──────── Data for the task ────────
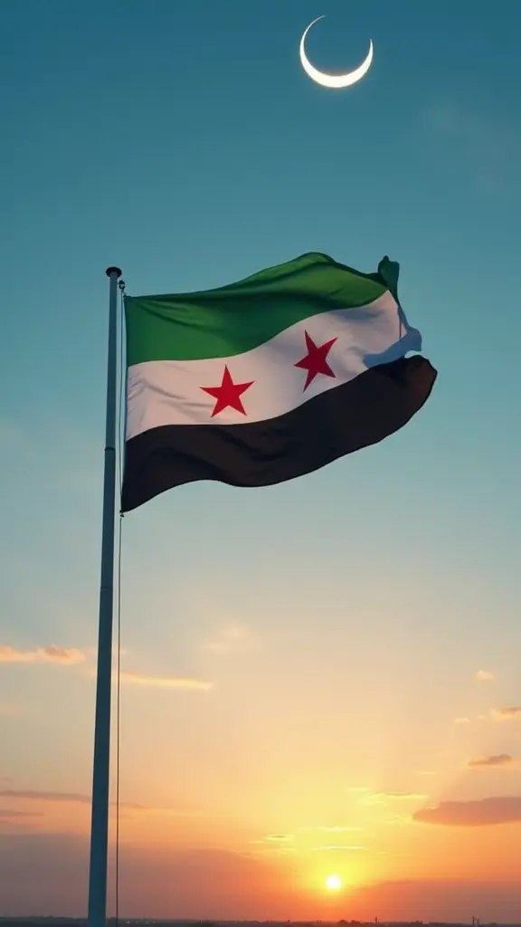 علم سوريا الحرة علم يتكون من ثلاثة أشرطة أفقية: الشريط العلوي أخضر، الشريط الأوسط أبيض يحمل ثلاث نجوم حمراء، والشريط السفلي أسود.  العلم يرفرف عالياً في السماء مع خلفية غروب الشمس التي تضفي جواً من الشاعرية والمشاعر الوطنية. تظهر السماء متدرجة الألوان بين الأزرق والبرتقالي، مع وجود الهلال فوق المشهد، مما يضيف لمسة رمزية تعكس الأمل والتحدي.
────────
──────── Data for the task ────────
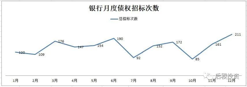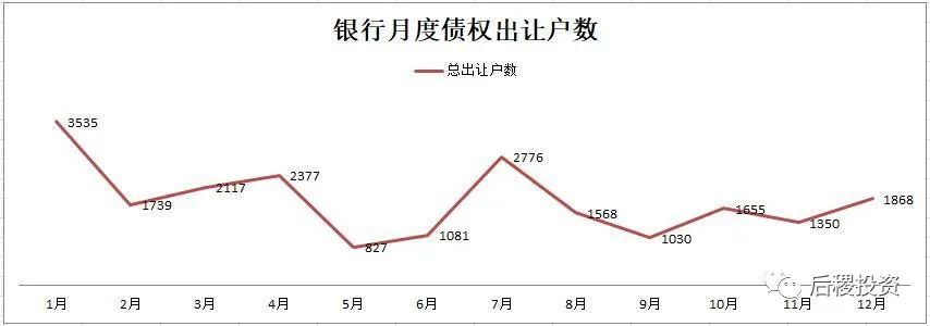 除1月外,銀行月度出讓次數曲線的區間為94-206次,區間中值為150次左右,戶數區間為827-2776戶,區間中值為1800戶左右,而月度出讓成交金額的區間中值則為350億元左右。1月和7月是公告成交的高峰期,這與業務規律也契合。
────────
──────── Data for the task ────────
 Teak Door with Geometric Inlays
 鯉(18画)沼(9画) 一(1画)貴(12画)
────────
* **Instructions for the task**
Could you repeat exactly the lines in the listing above from the one with "Teak Door with Geometric Inlays" down to the one with "鯉(18画)沼(9画) 一(1画)貴(12画)"? Include both of those lines.

* **Reply to the exercise**
 Teak Door with Geometric Inlays
 鯉(18画)沼(9画) 一(1画)貴(12画)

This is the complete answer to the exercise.